The past few years have seen many international brands improving the way they approach customer interactions, but this hasn’t always translated to brand success. For instance, smart, AI-powered and natural language processing (NLP) reliant bots may not always be as effective in solving customer service queries compared to simpler rules-based chatbots.
For this reason, many well-known brands (such as Amazon) are now favouring implementing rules-based chatbots (over so-called “smart bots”) to provide more accurate responses and resolve queries more efficiently. A rules-based chatbot, for example, doesn’t need to interpret questions – responses are programmed and predetermined which adds an element of reliability and consistency – and if a bot is unable to assist the customer, the query can be directed to a live customer service or sales agent for resolution.
Where the application of AI is still being refined, particularly in interpreting human intentions and behaviour according to NLP, actual human assistants are still necessary to address more complicated queries that require human qualities such as reasoning or insight.

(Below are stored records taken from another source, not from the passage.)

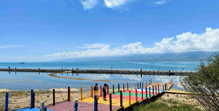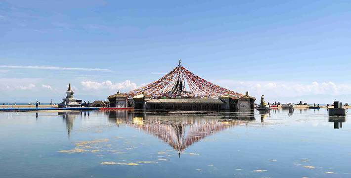 青海湖又名“措温布”,即藏语“青色的海”之意。它位于青海省西北部的青海湖盆地内。由祁连山的大通山、日月山与青海南山之间的断层陷落形成。青海湖长105公里,宽63公里,湖面海拔3196米,地处青藏高原的东北部,西宁市的西北部,位于东经99°36′~100°16′之间,北纬36°32′~37°15′之间。湖的四周被四座巍巍高山所环抱:北面是大通山,东面是日月山,南面是青海南山,西面是橡皮山。这四座大山海拔都在海拔3600~5000米之间。青海湖面积达4456平方公里,环湖周长360多公里,比著名的太湖大一倍还要多。湖面东西长,南北窄,略呈椭圆形。青海湖水平均深约21米多32.8米,蓄水量达1050亿立方米,湖面海拔为3260米。离西宁约200公里。湖区有大小河流近30条。湖东岸有两个子湖,一名尕海,面积48平方公里,系咸水;一名耳海,面积8平方公里,为淡水。
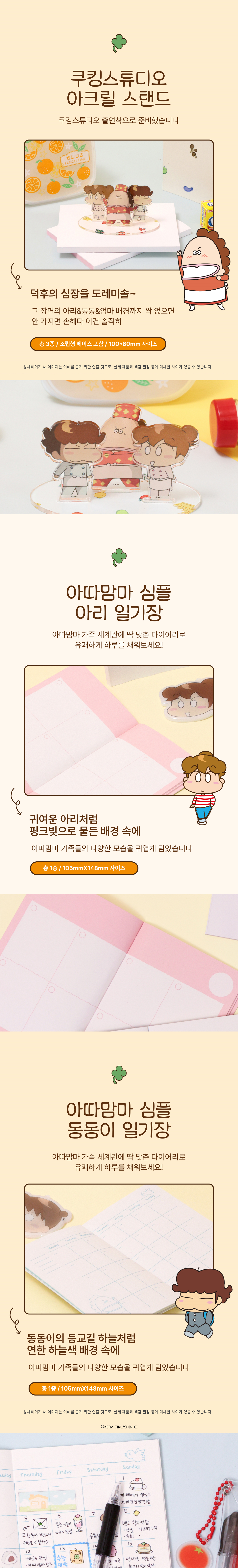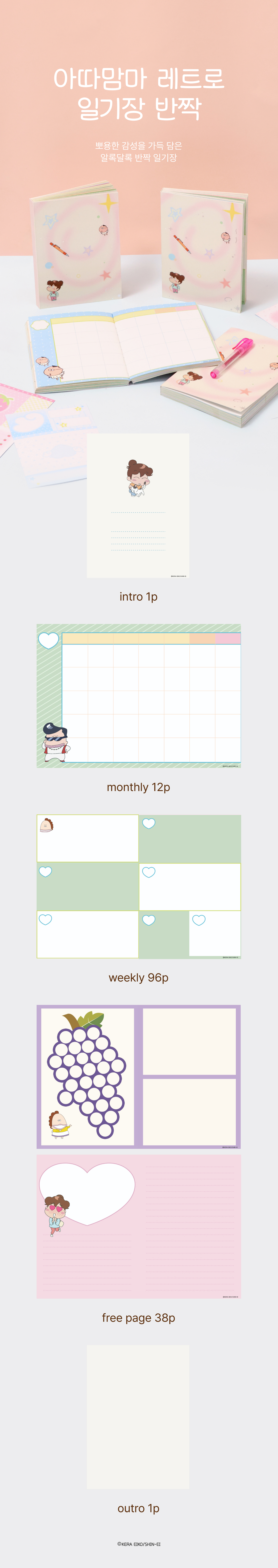 Q6. 향후 다른 캐릭터 굿즈도 출시 예정인가요?A. 네, 이번 펀딩은 아따맘마 굿즈 시리즈의 시작입니다.추후 식단일기를 비롯해 알록달록한 다이어리 굿즈가 추가로 공개될 예정입니다. 커뮤니티 탭을 통해 계속 안내드릴게요!
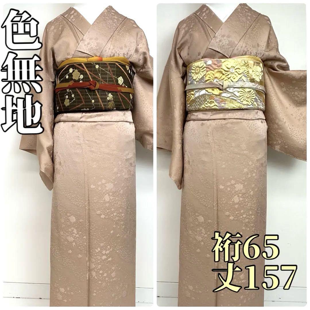 - 【着物と帯 時流】I25281◆正絹 色無地◆ピンクベージュ 一つ紋 美品
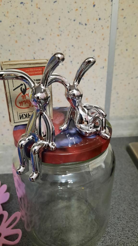 Lustige Hasen! Aus Kunststoff, leicht, glänzend. Doppelseitiges Klebeband im Lieferumfang enthalten. Während sie ohne ihn sitzen))
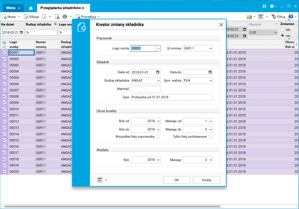 W wyniku prac dodatkowych, z uwzględnieniem specyfiki i potrzeb użytkowników klienta, został wykonany nowy mechanizm opierający się na słowniku Przeglądarka składników do zmiany. Nowo utworzony słownik umożliwia szybki, masowy import danych, np. nowych stawek wynagrodzenia dla dużej grupy pracowników, które następnie w prosty sposób mogą zostać przeniesione do kartoteki składników pracownika, z wcześniej przygotowanego pliku w formacie Excel. Co ważne, nowe stawki mogą obowiązywać z datą wsteczną, a nowy mechanizm umożliwia obsłużenie procesu naliczenia wyrównań wynagrodzeń.
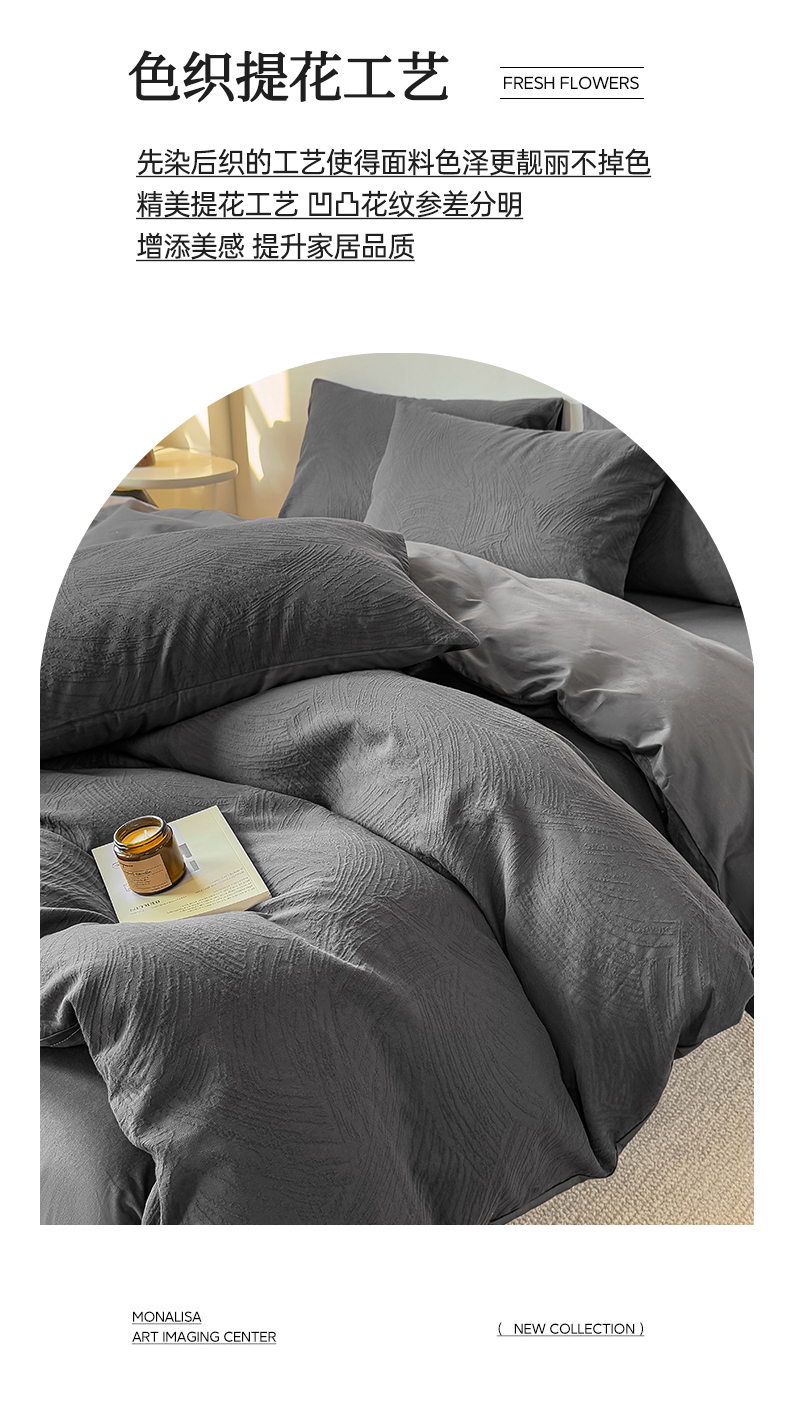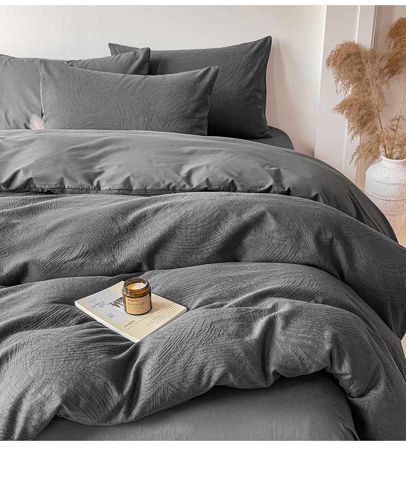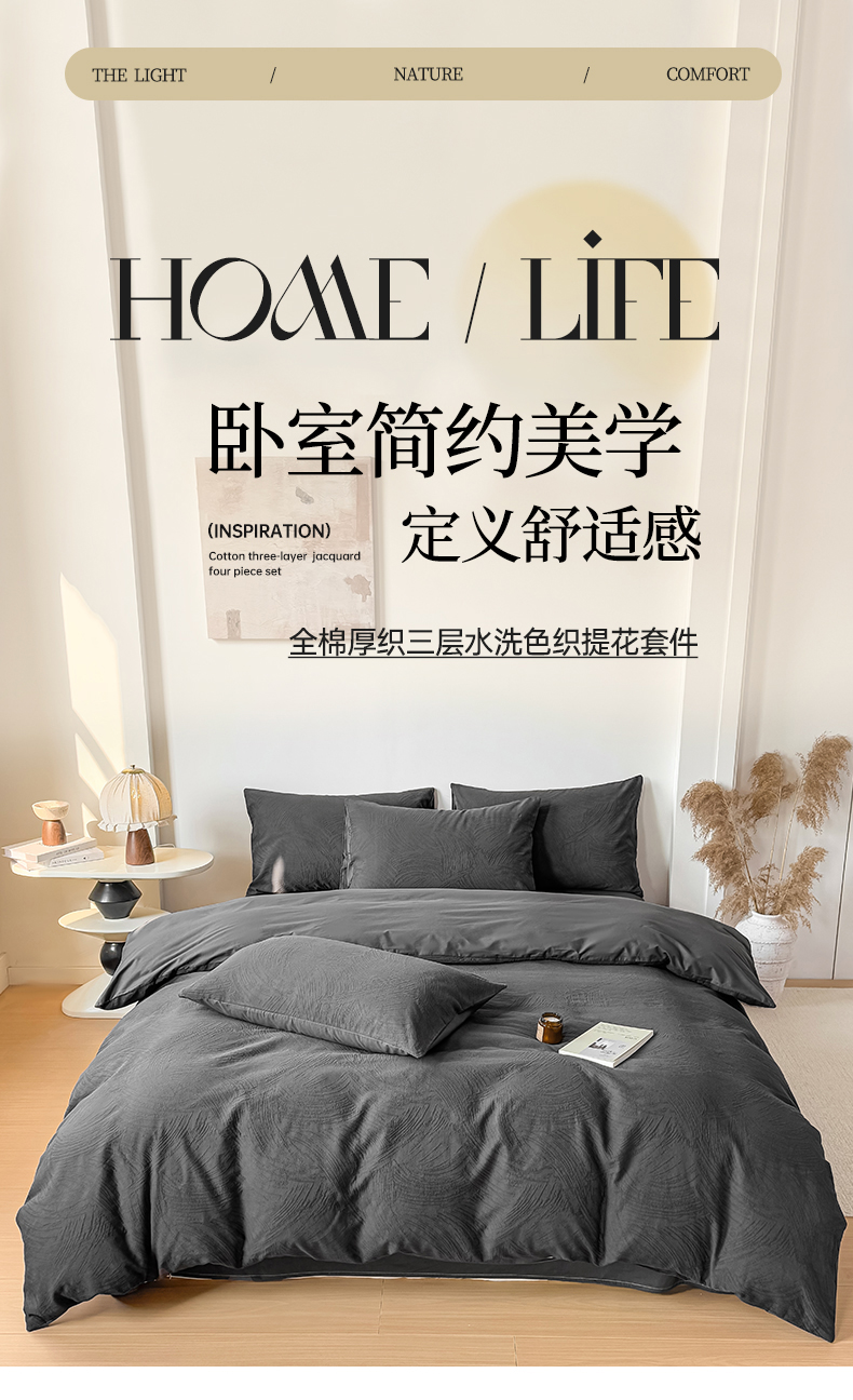 当前位置: 91家纺网 > 商品网购 > 床品套件 > 四件套 > 全棉普通四件套 > 灰鲸 2026新款全棉纯棉厚织三层水洗色织提花四件套 柔丝漫语-素墨

Ultimately, we’re moving towards an environment where human agents won’t be required to handle all forms of communication, particularly those simple repetitive queries that may be more efficiently performed via automation or self-service.
In the contact centre environment, a cohesive system must be in place to ensure that there’s a seamless link between human and machine-based interactions, as well as any manual and automated tasks within a broader process that needs to completed.
Global fast-food giant McDonald's recently opened a restaurant in Chicago that embraces self-service in a way that is different to other outlets: from ordering to checkout, the process is designed to be seamless and simplified by using self-order kiosks, table service, and mobile orders and payments. Amazon’s supermarket concept, Amazon Go, takes this a step further with the launch of their two Seattle stores, with no checkout operators, waiting in line, or self-service kiosks – all purchases are entirely app-based to embrace the “grab and go” philosophy of a hassle-free shopping experience.
But where does this leave traditional retail environments? Amazon Go stores bridge the gap between e-tail and retail, thus combining digital and physical customer behavioural and profile data to paint a more holistic view of their customers. The concept also aims to remove friction and pain points during the customer journey (e.g. no payment or checkout process needed) – is this now the new ultimate and preferred experience of the ever-evolving digitally-savvy consumer?
While the introduction of certain technologies does allow for more automation and self-service options, it’s important to not lose sight of one of the key objectives of introducing smart technology in retail – to promote personalisation and CX. It’s not just about getting the customer from product choice to check out quickly and efficiently, but it is also to replicate that corner-store experience where the customer feels that they are being recognised as an individual and valued.
Data-driven processes and insights contribute towards creating an experience that is more intimate and in line with customer preferences, but will businesses ever completely replicate and replace the personalisation we experience from local shopkeepers (e.g. hardware stores or butchers) at scale?
As more technologies are introduced, and the demands of customers increase, we are creating additional complexities that restrict our ability to manage the customer experience effectively. While the difficulty of the challenge remains, breaking goals and objectives down into small manageable steps and doing the simple things well is ultimately the first step in achieving CX excellence.
The goal, as always in retail, is to boost productivity and efficiency and provide opportunities to increase the bottom line, but never at the cost of CX, which remains a priority that will result in ongoing company growth.